You should checks the string rather than the converted float. It will be easier to check the number of digits.
Why don't you just round the floats to the desired precision?
double round(double val, int decimalPlaces)
{
double power_of_10 = pow(10.0, static_cast<double>(decimalPlaces));
return floor(val * power_of_10 + 0.5) / power_of_10;
}
int main()
{
double d;
cin >> d;
// round d to 3 decimal places...
d = round(d, 3);
// do something with d
d *= 1.75;
cout << setprecision(3) << d; // now output to 3 decimal places
}
There exist no fixed point decimal datatype in C, but you can mimic pascal's decimal with a struct of two ints.
If the need is to take 5 digits [ including or excluding the decimal point ], you could simply write like below.
scanf( "%5f", &a );
where a is declared as float.
Fo eg:
If you enter 123.45, scanf will consider the first 5 characters i.e., 4 digits and the decimal point & will store 123.4
If entered 123456, the value of a will be 12345 [ ~ 12345.00 ]
With printf, we would be able to control how many characters can be printed after decimal as well.
printf( "%5.2f \n", a );
The value of 123.4 will be printed as 12.30 [ total 5, including the decimal & 2 digits after decimal ]
But this have a limitation, where if the digits in the value are more than 5, it will display the actual value.
eg: The value of 123456.7, will be displayed as 123456.70.
This [ specifying the no. of digits after the decimal, as mentioned for printf ] I heard can be used for scanf as well, I am not sure sure & the compiler I use doesn't support that format. Verify whether your compiler does.
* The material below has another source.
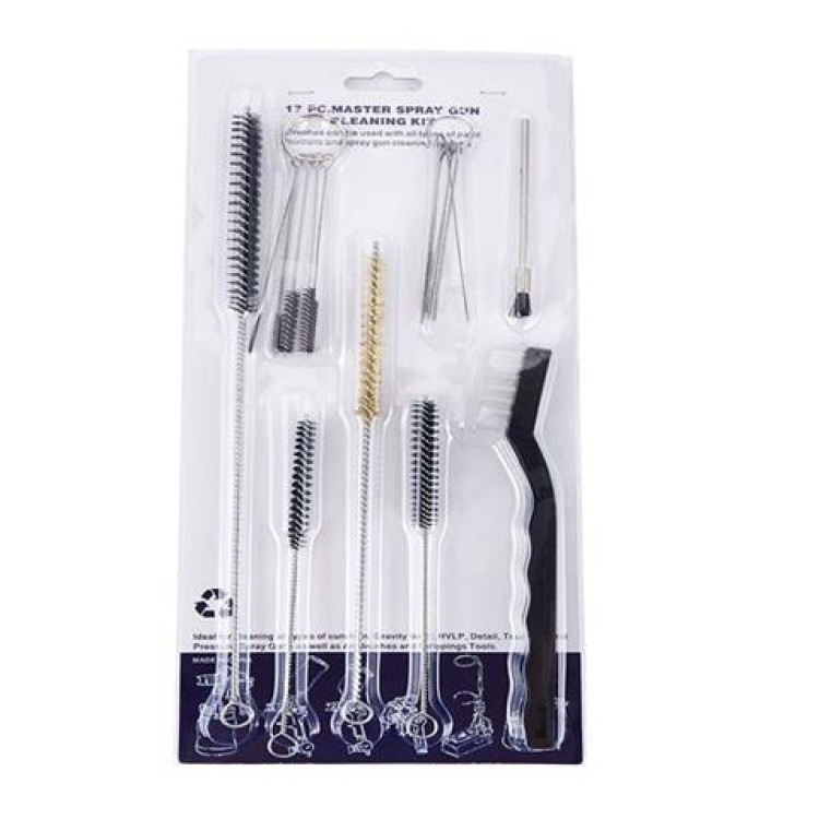 Διατηρήστε τα πιστόλια βαφής σας πάντα καθαρά και λειτουργικά! Το σετ καθαρισμού 17 τεμαχίων περιλαμβάνει: 1) 3 τμχ βουρτσακια 2) 5 τμχ βουρτσακια μικρα: Dia 2/2.5/3/4/5mm 3) 6 τμχ βελονε καθαρισμου: 9/10/11/12/13/14mm 4) 1 τμχ συρμάτινη βουρτσα 5) 1 τμχ βουρτα μακρια με μαλακο τριχωμα 6) 1 τμχ πινελο καθαρισμου

Now, when it comes to taking data from an external interface, are you talking about serialization here, I mean transmission of data on netwrok.
Then, to my knowledge your approach is fine.
We generally tend to read in the form of char only, to make sure the application works for any format of data.
You can print a float use with printf("%.2f", float), or something similar.